'''
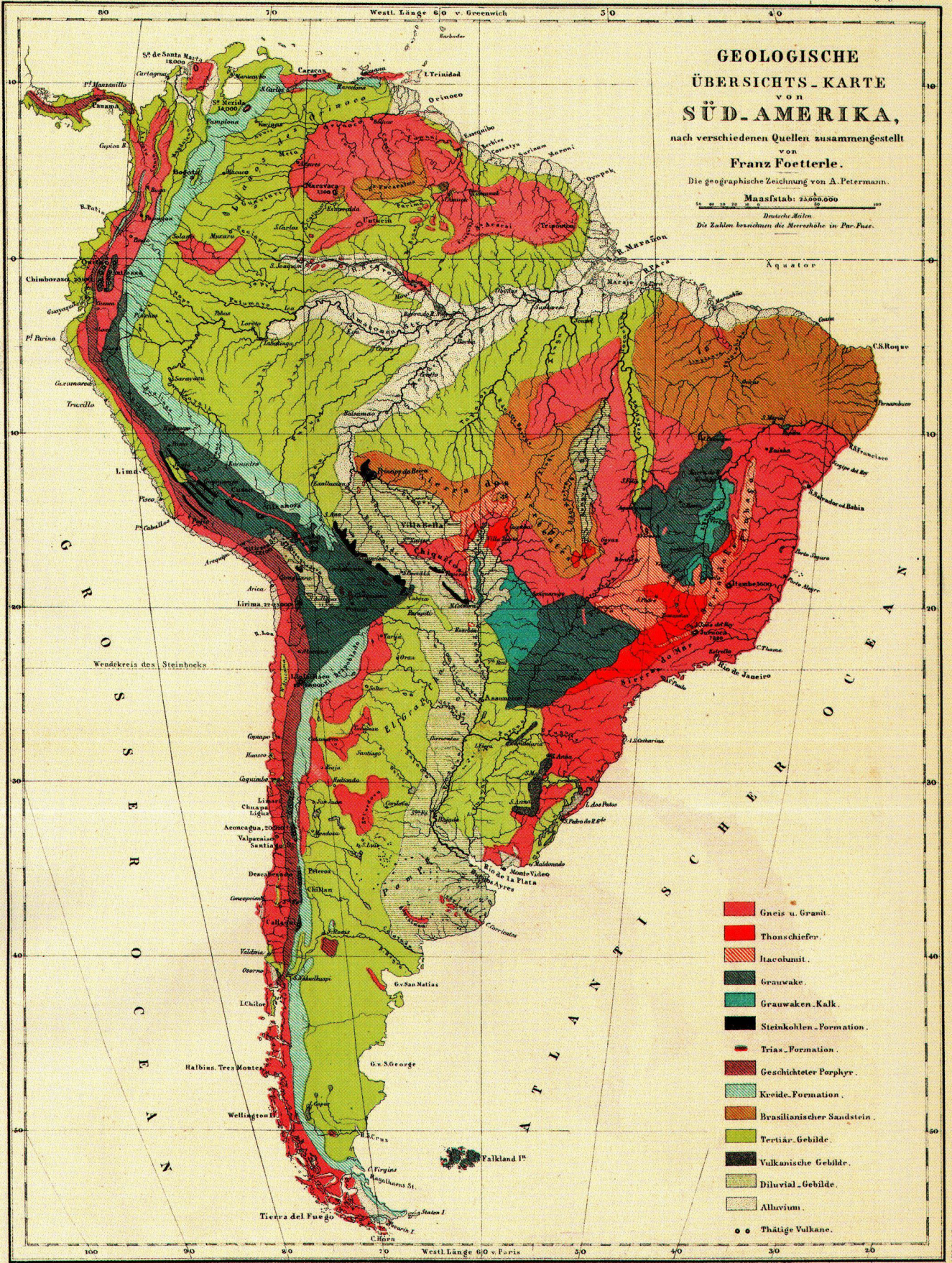
Abb. 1: Geologische Übersichts-Karte von Südamerika, nach verschiedenen Quellen zusammengestellt von Franz Foetterle. Zeichnung von August Petermann, Justus Perthes Verlag, Gotha 1856. Abb. verkleinert auf 75 % (alle Abbildungen aus der Kartensammlung der Zentralbibliothek Zürich).
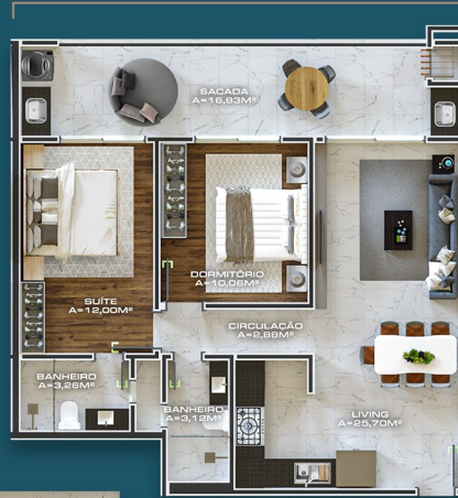
APTO TIPO 107/207/307 ÁREA PRIVATIVA = 83,81M 2
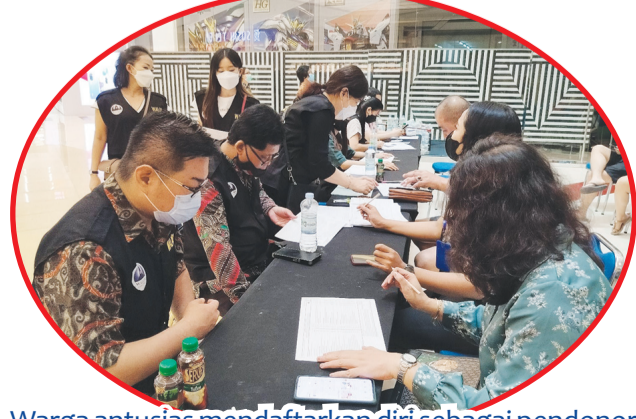
Warga antusias mendaftarkan diri sebagai pendonor darah.
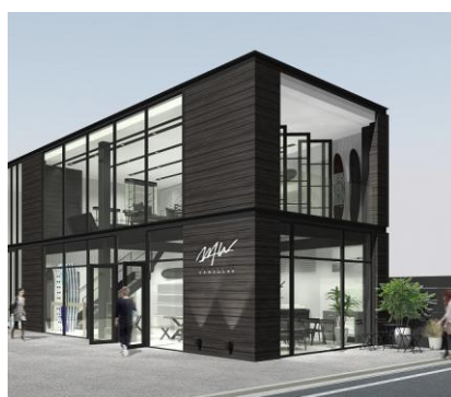
《WTW SURF CLUB》
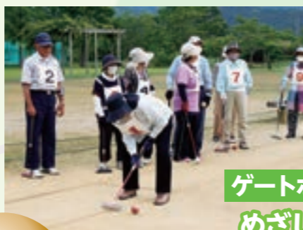
ゲートボール めざして、1ゲート通過!
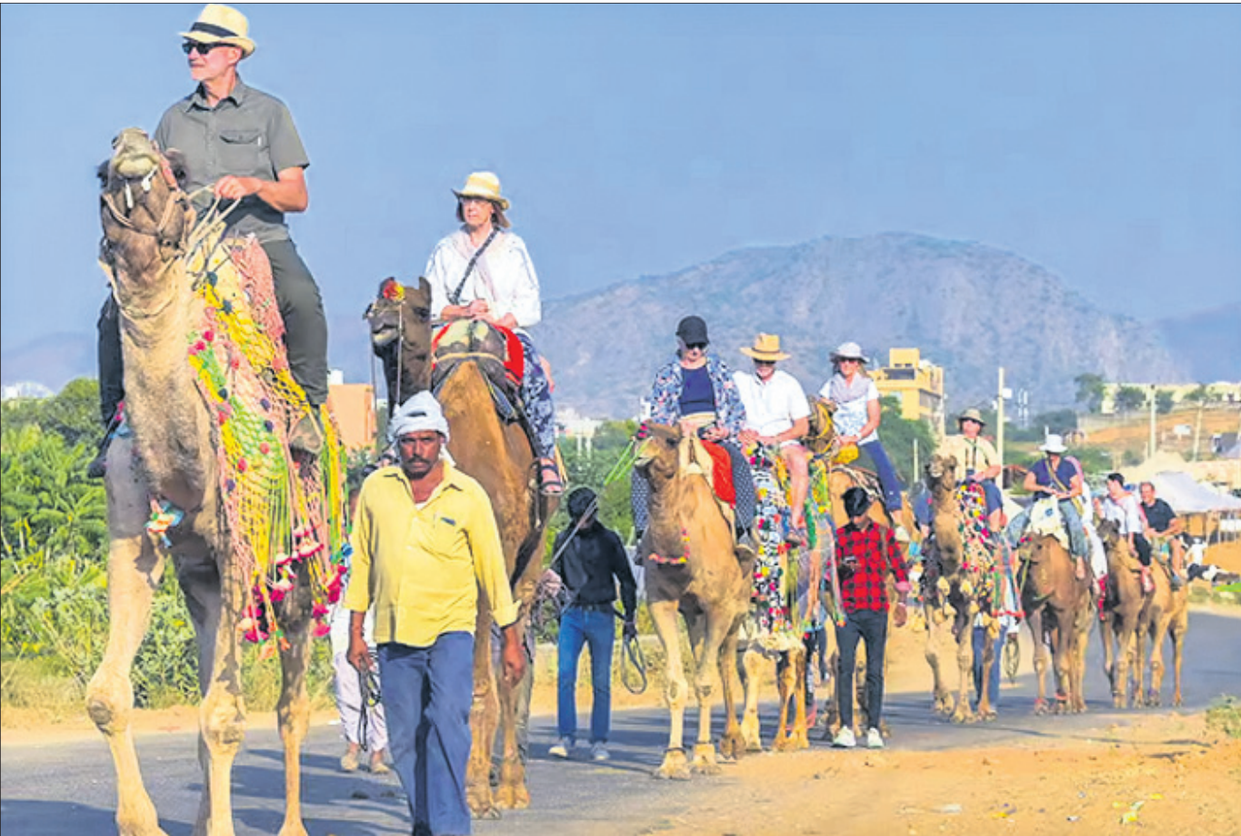
ଆଜମେରର ପୁଷର ମେଳାରେ ବିଦେଶୀ ପର୍ଯ୍ୟଟକମାନେ ଓଡ଼ ସବାରିର ମଜା ନେଉଛନ୍ତି।

ଚଳିତ ବର୍ଷଠାରୁ ଧାନର ସର୍ବନିମ୍ନ ସହାୟକ ମୂଲ୍ୟ (ଏମ୍.ଏସ୍.ପି) ୨୩୦୦ ଟଙ୍କା ଏବଂ ରାଜ୍ୟ ସରକାରଙ୍କ ପକ୍ଷରୁ ଇନ୍‌ସୁରା ସହାୟତା ୮୦୦ ଟଙ୍କା ମିଶାଇ ମୋଟ ୩୧୦୦ ଟଙ୍କାରେ ଚାଷୀ ଧାନ ବଜାର କରିବେ।
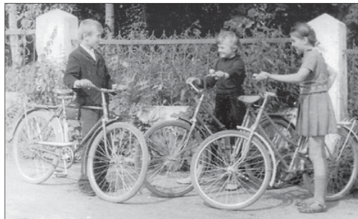
«Уралец» (на фото — слева) и «Рябинка» — это как брат и сестра. Первый предназначался для мальчиков и имел горизонтальную (закрытую) раму. «Рябинка» была девчачьим велосипедом с наклонной (открытой) рамой

В Советском Союзе велосипеды для подростков выпускали также на Шауляйском велосипедно-моторном заводе (литовское предприятие собирало их под марками «Эрелкокс» — «Орлёнок» — и «Крежгуте» — «Ласчочка»). Но когда был выбор, люди отдавали предпочтение именно атигским велосипедам: дело в том, что уральцы внедряли на своём производстве конденсаторную сварку рамы, что серьёзно увеличило прочность конструкции. Также уральские велосипеды отличались лёгкостью хода и устойчивостью. Поэтому продукция АМЗ пользовалась в СССР
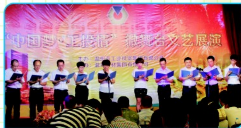
集团总部党员代表表演合唱《工业集团之歌》
'''
Task instructions -> Pictures in the material above should be skipped; print exactly the lines from the one with "ଚଳିତ ବର୍ଷଠାରୁ ଧାନର" through the one with "наклонной (открытой) рамой".

Response to this exercise ->
ଚଳିତ ବର୍ଷଠାରୁ ଧାନର ସର୍ବନିମ୍ନ ସହାୟକ ମୂଲ୍ୟ (ଏମ୍.ଏସ୍.ପି) ୨୩୦୦ ଟଙ୍କା ଏବଂ ରାଜ୍ୟ ସରକାରଙ୍କ ପକ୍ଷରୁ ଇନ୍‌ସୁରା ସହାୟତା ୮୦୦ ଟଙ୍କା ମିଶାଇ ମୋଟ ୩୧୦୦ ଟଙ୍କାରେ ଚାଷୀ ଧାନ ବଜାର କରିବେ।
«Уралец» (на фото — слева) и «Рябинка» — это как брат и сестра. Первый предназначался для мальчиков и имел горизонтальную (закрытую) раму. «Рябинка» была девчачьим велосипедом с наклонной (открытой) рамой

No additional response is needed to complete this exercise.